Professor Woodall is certainly correct that producing, storing and delivering large quantities of hydrogen are key challenges on the way to a hydrogen economy for transportation. However, he is hardly the first person to have considered using metals or alloys for storing or generating hydrogen or other energy carriers onboard vehicles. In combination with a hydrogen fuel cell, his system is comparable to the Zinc-air "fuel cell" or battery, which generates onboard electricity from metallic zinc pellets and then recycles them at a central location. That concept seems somewhat further advanced, but it is not yet commercial, either.
All these approaches run afoul of a problem common to hydrogen and other alternative fuels that are energy carriers, but not energy sources. The closed loop of aluminum metal/aluminum oxide/aluminum metal that Professor Woodall is proposing needs an external energy source. In fact, the laws of Thermodynamics require that the energy necessary to turn the oxide back into metal must be greater than the energy that can be captured from putting the resulting hydrogen into a fuel cell. In order for this system to work, we must have either large numbers of new, non-polluting power plants, or burn additional fuel in the spare off-peak capacity of existing coal or natural gas-fired power plants, with resulting emissions. It might still be worth doing, if the overall system efficiency--including the enormous energy cost of retrieving and transporting all that aluminum--and emissions were better than fueling cars with natural gas directly, or with ethanol derived in large part from natural gas and coal, or using the electricity to recharge the batteries of plug-in hybrids or EVs. It would not be worth doing if the hydrogen were burned in internal combustion engines, as I've explained previously.

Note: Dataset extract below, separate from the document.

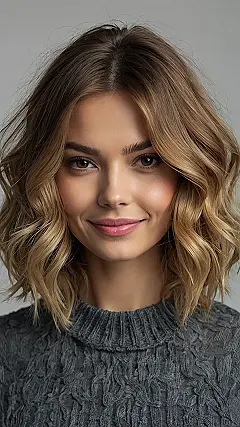 This model is rocking a hairstyle that’s totally trending right now! It’s all about those gorgeous layers – think effortless waves that frame your face perfectly, making your eyes sparkle and your smile even brighter. It’s like the hairstyle equivalent of your favorite comfy sweater—stylish but also super chill. Forget complicated updos; this look is all about low-maintenance, high-impact style. Imagine yourself looking this fabulous without spending hours in front of the mirror.

What I find distinctly unhelpful here is the professor's apparent attitude. The world is full of engineers so convinced of the logic and beauty of their ideas, that they cannot grasp that there might be some perfectly good reason why the rest of the world doesn't see things their way. My wife can attest that I occasionally fall into that trap myself. But if there was ever a "better mousetrap" season for good energy ideas, this is it. Since the idea has been taken up by a startup company, their success, rather than the queue for DOE funding, ought to be the acid test of the practicality of the professor's invention. If aluminum pellets are a viable competitor for gasoline, savvy investors will figure that out before the rest of us even hear about it.